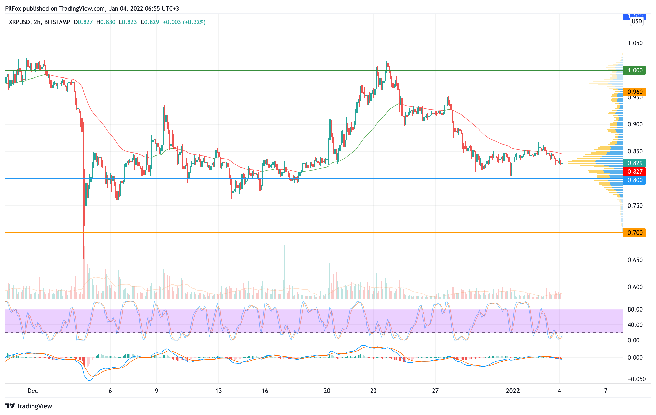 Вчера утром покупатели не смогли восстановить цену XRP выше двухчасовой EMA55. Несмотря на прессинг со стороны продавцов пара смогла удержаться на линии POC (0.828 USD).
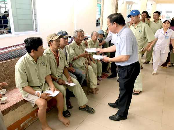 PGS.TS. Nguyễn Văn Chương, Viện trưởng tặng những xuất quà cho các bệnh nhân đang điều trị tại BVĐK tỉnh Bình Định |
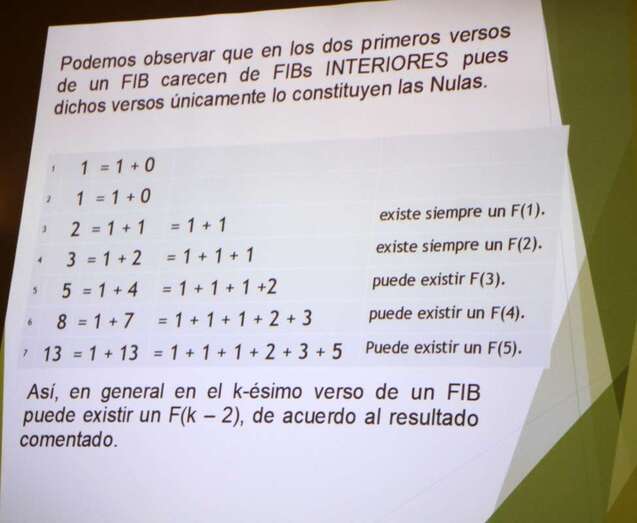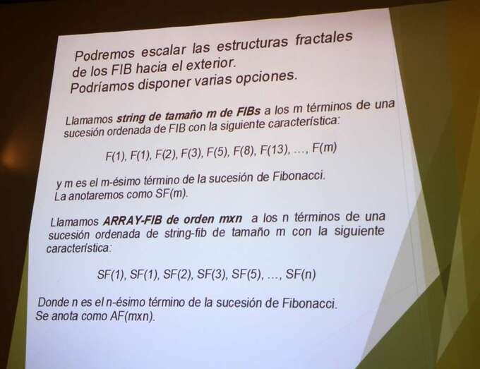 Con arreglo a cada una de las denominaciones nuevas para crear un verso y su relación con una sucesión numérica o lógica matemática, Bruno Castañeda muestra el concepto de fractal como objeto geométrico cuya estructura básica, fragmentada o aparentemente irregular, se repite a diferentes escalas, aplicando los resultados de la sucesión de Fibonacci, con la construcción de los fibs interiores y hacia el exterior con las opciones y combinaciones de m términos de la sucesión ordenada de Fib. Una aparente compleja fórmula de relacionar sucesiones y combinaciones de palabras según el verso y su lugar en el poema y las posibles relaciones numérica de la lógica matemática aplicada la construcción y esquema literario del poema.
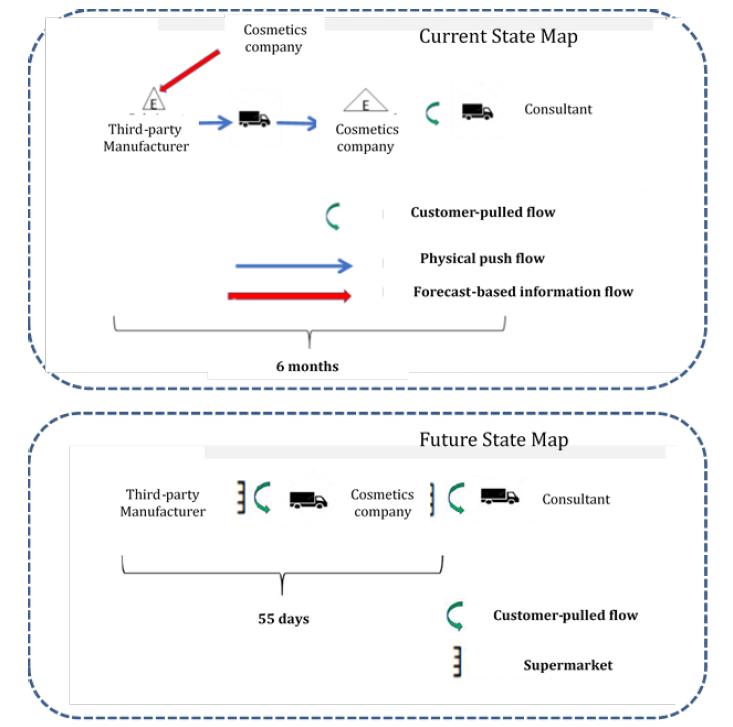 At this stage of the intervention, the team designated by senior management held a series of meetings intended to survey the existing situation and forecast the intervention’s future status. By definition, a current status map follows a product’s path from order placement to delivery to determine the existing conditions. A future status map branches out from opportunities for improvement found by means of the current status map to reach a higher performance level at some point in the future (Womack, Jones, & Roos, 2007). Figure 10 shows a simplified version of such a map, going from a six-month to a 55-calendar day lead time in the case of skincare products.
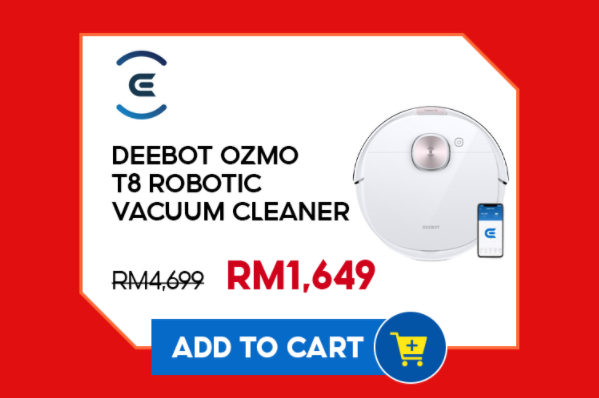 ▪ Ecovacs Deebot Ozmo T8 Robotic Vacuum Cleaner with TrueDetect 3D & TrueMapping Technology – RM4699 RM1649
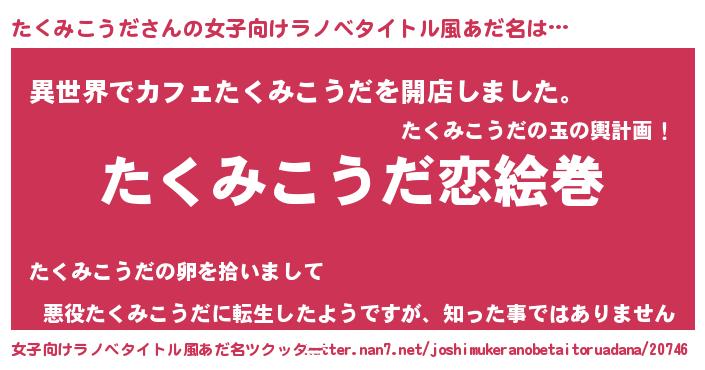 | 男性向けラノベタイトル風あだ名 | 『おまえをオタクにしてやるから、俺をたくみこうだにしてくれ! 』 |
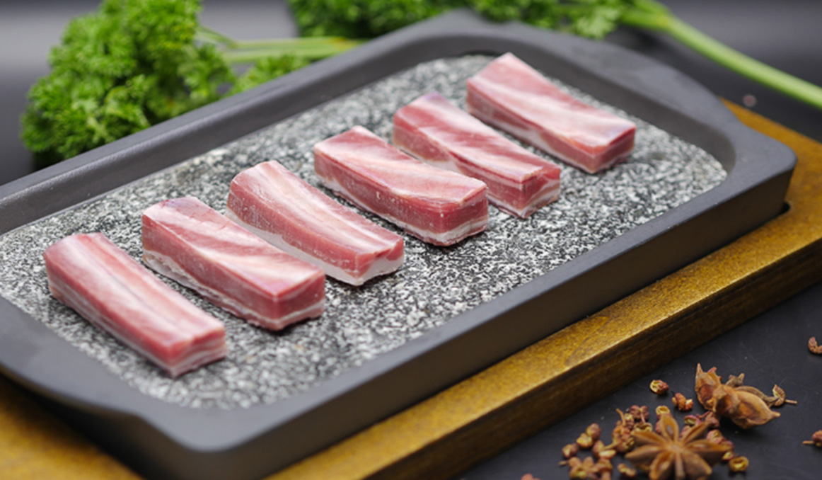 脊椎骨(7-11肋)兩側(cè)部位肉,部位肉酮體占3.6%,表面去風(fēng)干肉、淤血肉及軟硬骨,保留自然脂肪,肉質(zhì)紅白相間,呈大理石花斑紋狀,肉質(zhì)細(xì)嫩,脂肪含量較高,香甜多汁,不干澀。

◆ Task directions: The material above must be printed exactly, with its pictures left out.

◆ Output:
 Вчера утром покупатели не смогли восстановить цену XRP выше двухчасовой EMA55. Несмотря на прессинг со стороны продавцов пара смогла удержаться на линии POC (0.828 USD).
 PGS.TS. Nguyễn Văn Chương, Viện trưởng tặng những xuất quà cho các bệnh nhân đang điều trị tại BVĐK tỉnh Bình Định |
 Con arreglo a cada una de las denominaciones nuevas para crear un verso y su relación con una sucesión numérica o lógica matemática, Bruno Castañeda muestra el concepto de fractal como objeto geométrico cuya estructura básica, fragmentada o aparentemente irregular, se repite a diferentes escalas, aplicando los resultados de la sucesión de Fibonacci, con la construcción de los fibs interiores y hacia el exterior con las opciones y combinaciones de m términos de la sucesión ordenada de Fib. Una aparente compleja fórmula de relacionar sucesiones y combinaciones de palabras según el verso y su lugar en el poema y las posibles relaciones numérica de la lógica matemática aplicada la construcción y esquema literario del poema.
 At this stage of the intervention, the team designated by senior management held a series of meetings intended to survey the existing situation and forecast the intervention’s future status. By definition, a current status map follows a product’s path from order placement to delivery to determine the existing conditions. A future status map branches out from opportunities for improvement found by means of the current status map to reach a higher performance level at some point in the future (Womack, Jones, & Roos, 2007). Figure 10 shows a simplified version of such a map, going from a six-month to a 55-calendar day lead time in the case of skincare products.
 ▪ Ecovacs Deebot Ozmo T8 Robotic Vacuum Cleaner with TrueDetect 3D & TrueMapping Technology – RM4699 RM1649
 | 男性向けラノベタイトル風あだ名 | 『おまえをオタクにしてやるから、俺をたくみこうだにしてくれ! 』 |
 脊椎骨(7-11肋)兩側(cè)部位肉,部位肉酮體占3.6%,表面去風(fēng)干肉、淤血肉及軟硬骨,保留自然脂肪,肉質(zhì)紅白相間,呈大理石花斑紋狀,肉質(zhì)細(xì)嫩,脂肪含量較高,香甜多汁,不干澀。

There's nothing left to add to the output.